The finished copy should match every record exactly and contain no pictures.

Extracted data entries:
--- --- ---

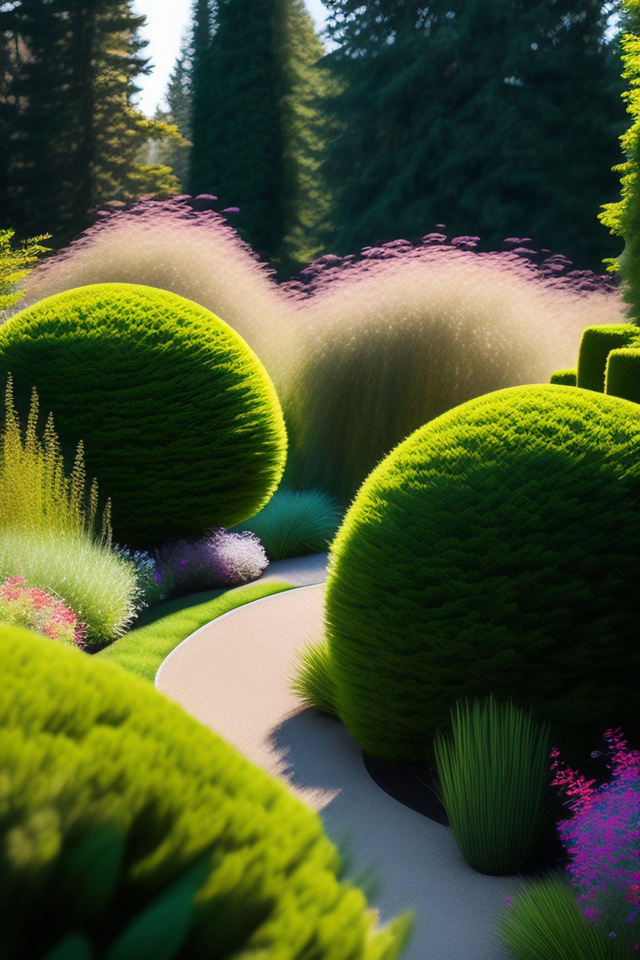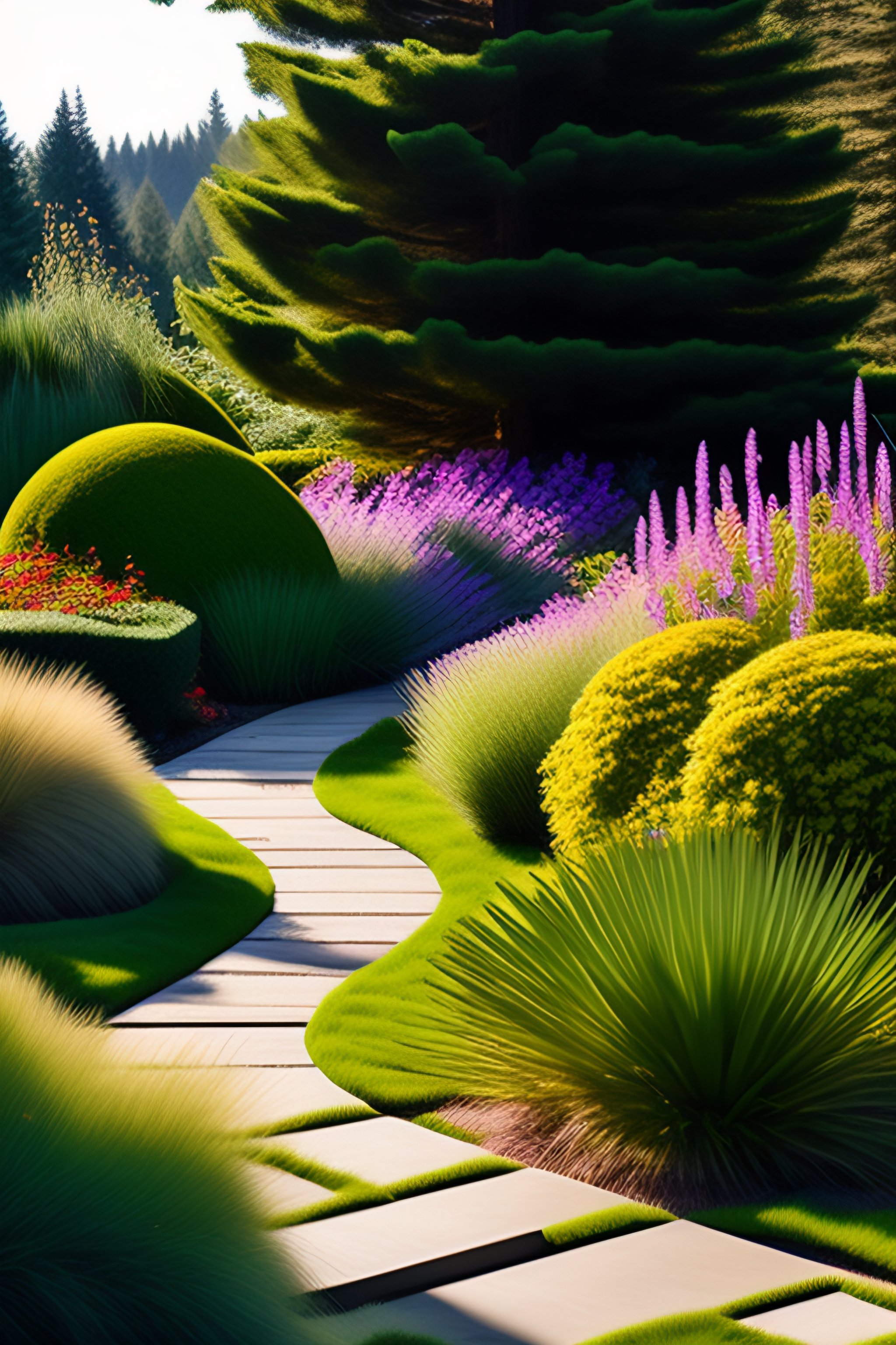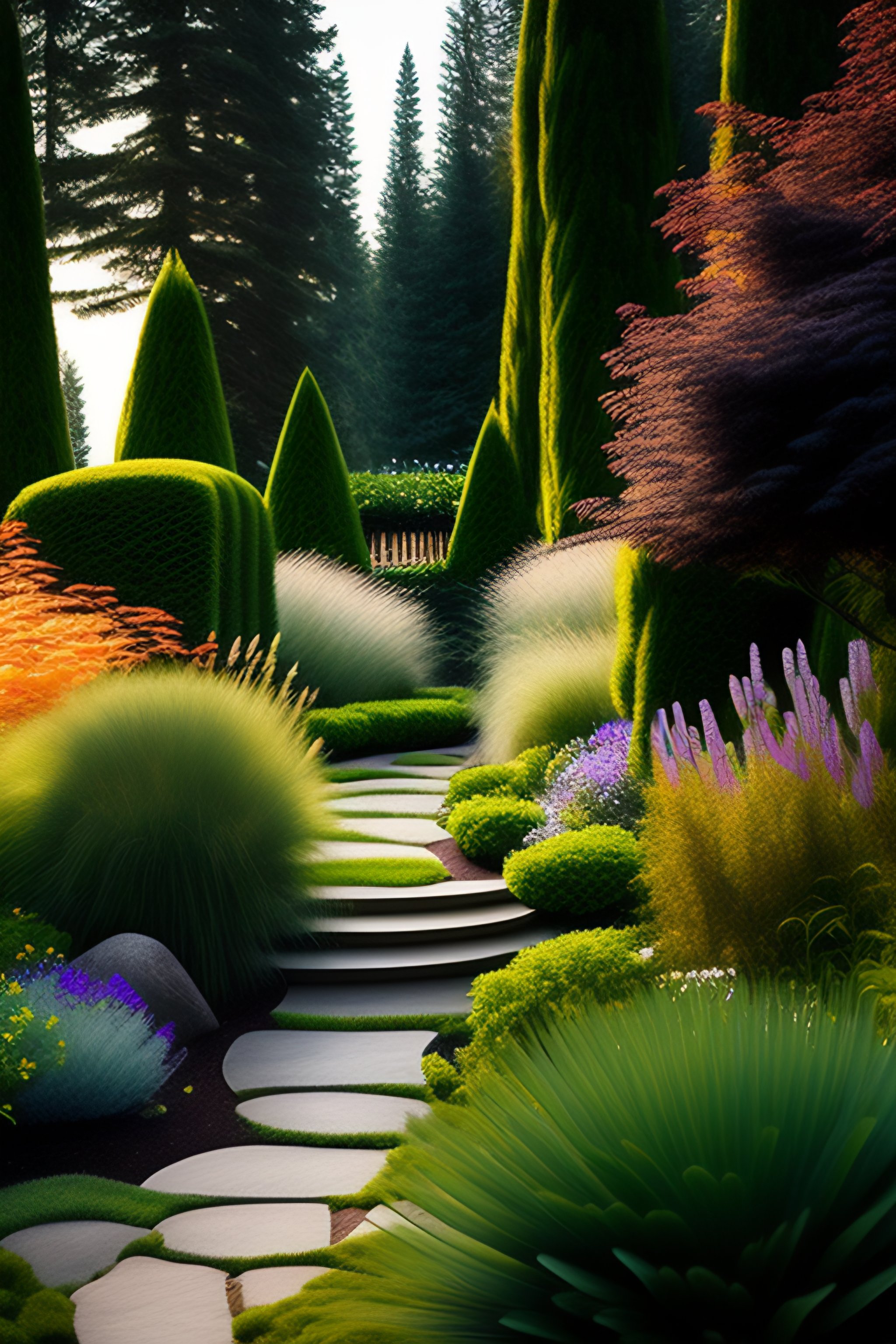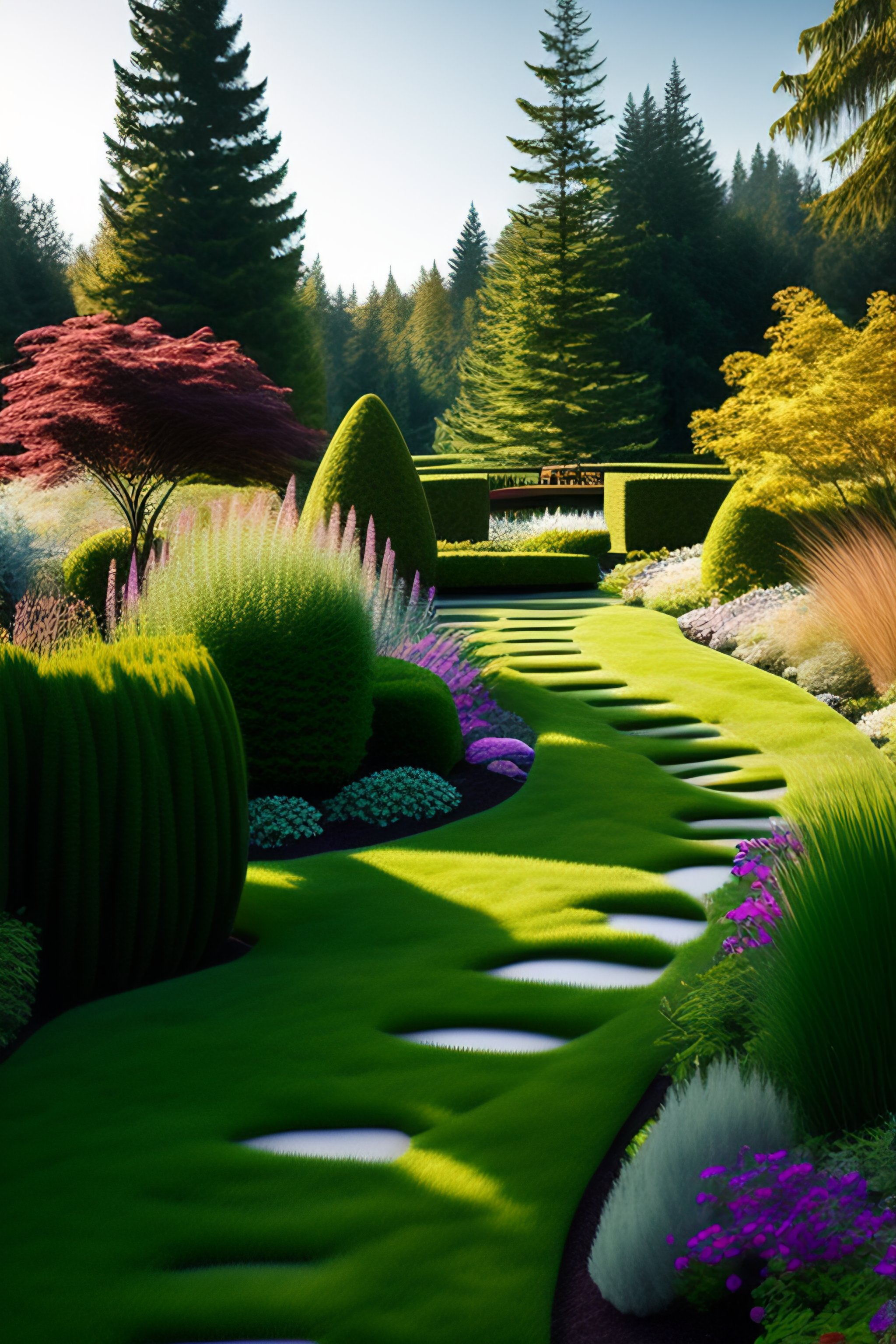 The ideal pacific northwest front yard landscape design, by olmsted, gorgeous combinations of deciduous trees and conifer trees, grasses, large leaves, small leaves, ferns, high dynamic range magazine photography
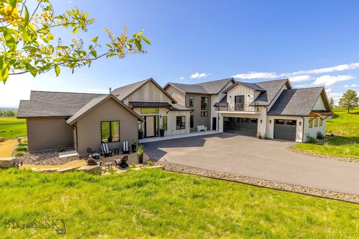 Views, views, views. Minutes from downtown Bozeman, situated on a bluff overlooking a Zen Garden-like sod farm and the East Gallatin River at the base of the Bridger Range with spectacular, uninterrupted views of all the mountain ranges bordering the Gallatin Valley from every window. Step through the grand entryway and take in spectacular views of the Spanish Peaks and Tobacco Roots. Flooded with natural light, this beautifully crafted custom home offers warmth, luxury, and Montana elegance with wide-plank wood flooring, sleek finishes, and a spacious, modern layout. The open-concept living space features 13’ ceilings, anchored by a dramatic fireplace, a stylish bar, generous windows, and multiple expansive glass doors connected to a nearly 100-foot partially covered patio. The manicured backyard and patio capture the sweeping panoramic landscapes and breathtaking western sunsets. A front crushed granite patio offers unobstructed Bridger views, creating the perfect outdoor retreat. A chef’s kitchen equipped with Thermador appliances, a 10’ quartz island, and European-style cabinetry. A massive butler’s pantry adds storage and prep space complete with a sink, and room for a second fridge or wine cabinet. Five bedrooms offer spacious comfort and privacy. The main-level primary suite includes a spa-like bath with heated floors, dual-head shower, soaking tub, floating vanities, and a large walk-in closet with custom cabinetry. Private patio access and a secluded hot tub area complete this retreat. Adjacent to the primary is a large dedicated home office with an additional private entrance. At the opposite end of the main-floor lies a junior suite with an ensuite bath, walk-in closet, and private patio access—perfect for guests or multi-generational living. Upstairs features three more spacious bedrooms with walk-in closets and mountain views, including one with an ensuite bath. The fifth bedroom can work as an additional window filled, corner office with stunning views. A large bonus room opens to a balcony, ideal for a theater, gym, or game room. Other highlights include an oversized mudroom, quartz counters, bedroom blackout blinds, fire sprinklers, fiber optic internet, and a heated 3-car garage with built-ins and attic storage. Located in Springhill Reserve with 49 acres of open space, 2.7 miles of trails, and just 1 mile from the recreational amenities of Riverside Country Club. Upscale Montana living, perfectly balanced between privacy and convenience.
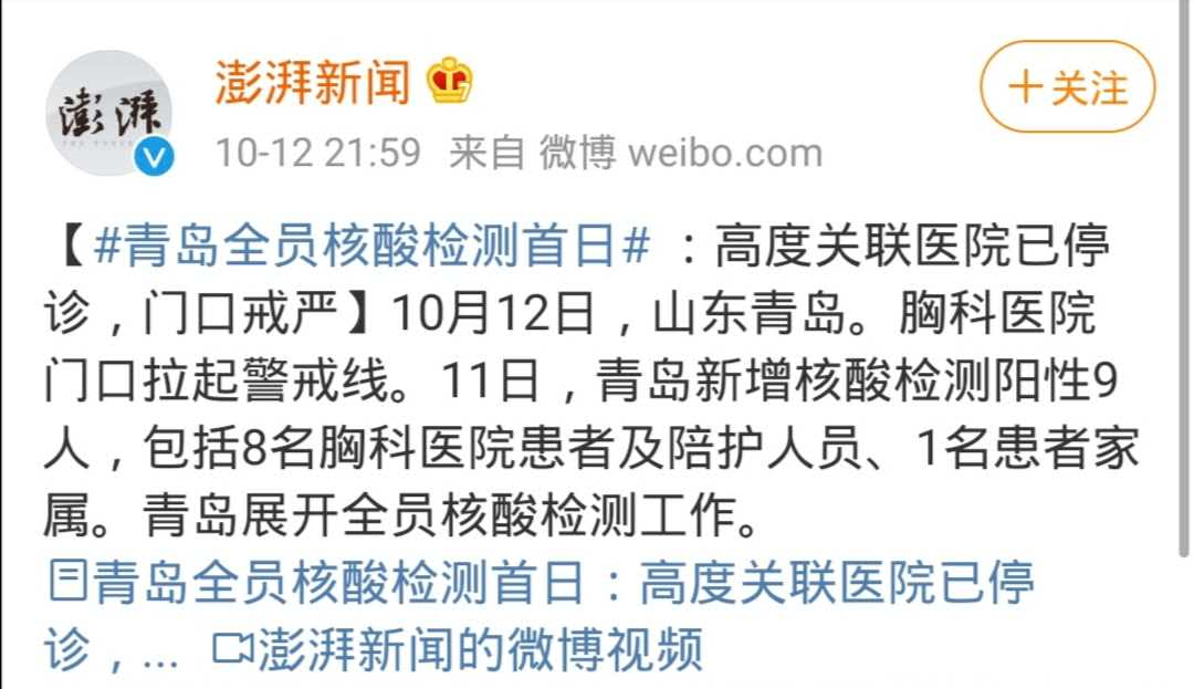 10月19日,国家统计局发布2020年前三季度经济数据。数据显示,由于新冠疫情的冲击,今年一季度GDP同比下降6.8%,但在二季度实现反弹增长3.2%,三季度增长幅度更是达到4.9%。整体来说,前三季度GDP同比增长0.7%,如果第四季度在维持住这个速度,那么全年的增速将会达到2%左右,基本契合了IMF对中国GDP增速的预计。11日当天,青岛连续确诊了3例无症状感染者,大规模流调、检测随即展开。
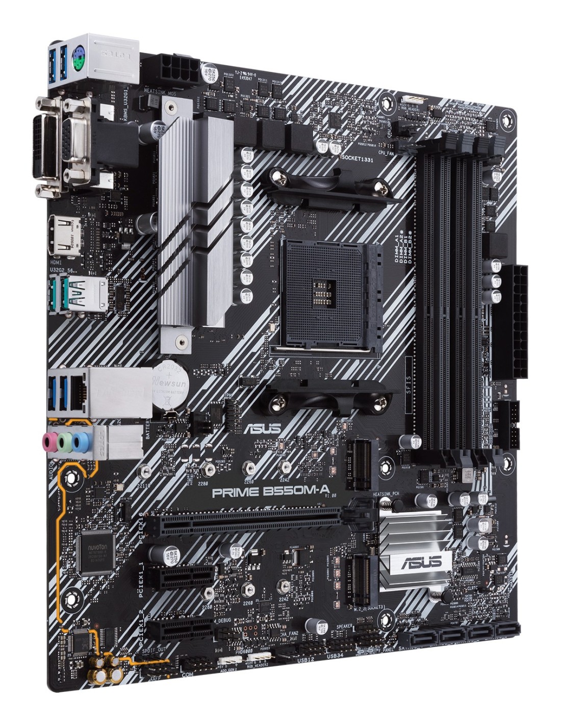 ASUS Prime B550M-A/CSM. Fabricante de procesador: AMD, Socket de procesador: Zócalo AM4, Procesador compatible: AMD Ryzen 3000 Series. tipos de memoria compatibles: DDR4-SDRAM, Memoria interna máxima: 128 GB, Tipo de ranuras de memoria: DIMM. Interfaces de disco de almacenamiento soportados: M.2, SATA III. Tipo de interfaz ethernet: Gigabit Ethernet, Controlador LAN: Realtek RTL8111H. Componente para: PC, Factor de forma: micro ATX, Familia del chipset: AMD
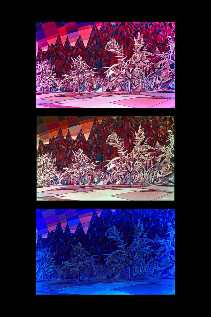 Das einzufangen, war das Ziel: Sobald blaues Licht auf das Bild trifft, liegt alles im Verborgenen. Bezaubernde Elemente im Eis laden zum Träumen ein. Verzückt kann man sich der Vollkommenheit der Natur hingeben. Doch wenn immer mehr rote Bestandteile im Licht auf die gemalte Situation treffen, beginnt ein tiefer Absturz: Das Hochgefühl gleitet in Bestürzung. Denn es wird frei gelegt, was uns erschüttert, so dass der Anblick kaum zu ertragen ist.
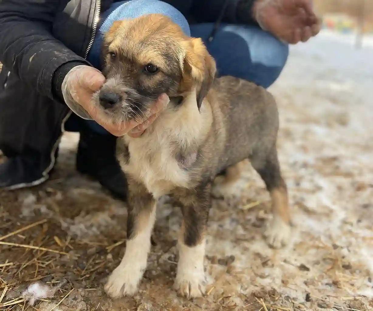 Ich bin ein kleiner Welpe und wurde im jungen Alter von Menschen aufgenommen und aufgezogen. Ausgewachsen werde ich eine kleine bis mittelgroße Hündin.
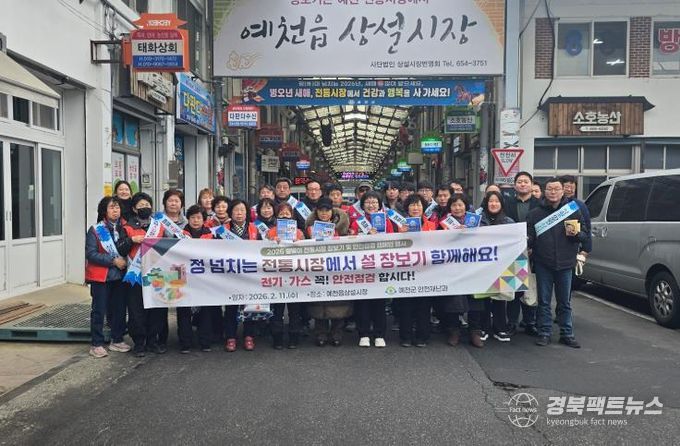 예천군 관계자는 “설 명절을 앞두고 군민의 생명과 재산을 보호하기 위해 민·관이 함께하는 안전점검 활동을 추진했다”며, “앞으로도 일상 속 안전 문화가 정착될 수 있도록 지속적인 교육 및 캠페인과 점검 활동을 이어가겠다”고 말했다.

--- --- ---

- **EXERCISE ANSWER**:
 The ideal pacific northwest front yard landscape design, by olmsted, gorgeous combinations of deciduous trees and conifer trees, grasses, large leaves, small leaves, ferns, high dynamic range magazine photography
 Views, views, views. Minutes from downtown Bozeman, situated on a bluff overlooking a Zen Garden-like sod farm and the East Gallatin River at the base of the Bridger Range with spectacular, uninterrupted views of all the mountain ranges bordering the Gallatin Valley from every window. Step through the grand entryway and take in spectacular views of the Spanish Peaks and Tobacco Roots. Flooded with natural light, this beautifully crafted custom home offers warmth, luxury, and Montana elegance with wide-plank wood flooring, sleek finishes, and a spacious, modern layout. The open-concept living space features 13’ ceilings, anchored by a dramatic fireplace, a stylish bar, generous windows, and multiple expansive glass doors connected to a nearly 100-foot partially covered patio. The manicured backyard and patio capture the sweeping panoramic landscapes and breathtaking western sunsets. A front crushed granite patio offers unobstructed Bridger views, creating the perfect outdoor retreat. A chef’s kitchen equipped with Thermador appliances, a 10’ quartz island, and European-style cabinetry. A massive butler’s pantry adds storage and prep space complete with a sink, and room for a second fridge or wine cabinet. Five bedrooms offer spacious comfort and privacy. The main-level primary suite includes a spa-like bath with heated floors, dual-head shower, soaking tub, floating vanities, and a large walk-in closet with custom cabinetry. Private patio access and a secluded hot tub area complete this retreat. Adjacent to the primary is a large dedicated home office with an additional private entrance. At the opposite end of the main-floor lies a junior suite with an ensuite bath, walk-in closet, and private patio access—perfect for guests or multi-generational living. Upstairs features three more spacious bedrooms with walk-in closets and mountain views, including one with an ensuite bath. The fifth bedroom can work as an additional window filled, corner office with stunning views. A large bonus room opens to a balcony, ideal for a theater, gym, or game room. Other highlights include an oversized mudroom, quartz counters, bedroom blackout blinds, fire sprinklers, fiber optic internet, and a heated 3-car garage with built-ins and attic storage. Located in Springhill Reserve with 49 acres of open space, 2.7 miles of trails, and just 1 mile from the recreational amenities of Riverside Country Club. Upscale Montana living, perfectly balanced between privacy and convenience.
 10月19日,国家统计局发布2020年前三季度经济数据。数据显示,由于新冠疫情的冲击,今年一季度GDP同比下降6.8%,但在二季度实现反弹增长3.2%,三季度增长幅度更是达到4.9%。整体来说,前三季度GDP同比增长0.7%,如果第四季度在维持住这个速度,那么全年的增速将会达到2%左右,基本契合了IMF对中国GDP增速的预计。11日当天,青岛连续确诊了3例无症状感染者,大规模流调、检测随即展开。
 ASUS Prime B550M-A/CSM. Fabricante de procesador: AMD, Socket de procesador: Zócalo AM4, Procesador compatible: AMD Ryzen 3000 Series. tipos de memoria compatibles: DDR4-SDRAM, Memoria interna máxima: 128 GB, Tipo de ranuras de memoria: DIMM. Interfaces de disco de almacenamiento soportados: M.2, SATA III. Tipo de interfaz ethernet: Gigabit Ethernet, Controlador LAN: Realtek RTL8111H. Componente para: PC, Factor de forma: micro ATX, Familia del chipset: AMD
 Das einzufangen, war das Ziel: Sobald blaues Licht auf das Bild trifft, liegt alles im Verborgenen. Bezaubernde Elemente im Eis laden zum Träumen ein. Verzückt kann man sich der Vollkommenheit der Natur hingeben. Doch wenn immer mehr rote Bestandteile im Licht auf die gemalte Situation treffen, beginnt ein tiefer Absturz: Das Hochgefühl gleitet in Bestürzung. Denn es wird frei gelegt, was uns erschüttert, so dass der Anblick kaum zu ertragen ist.
 Ich bin ein kleiner Welpe und wurde im jungen Alter von Menschen aufgenommen und aufgezogen. Ausgewachsen werde ich eine kleine bis mittelgroße Hündin.
 예천군 관계자는 “설 명절을 앞두고 군민의 생명과 재산을 보호하기 위해 민·관이 함께하는 안전점검 활동을 추진했다”며, “앞으로도 일상 속 안전 문화가 정착될 수 있도록 지속적인 교육 및 캠페인과 점검 활동을 이어가겠다”고 말했다.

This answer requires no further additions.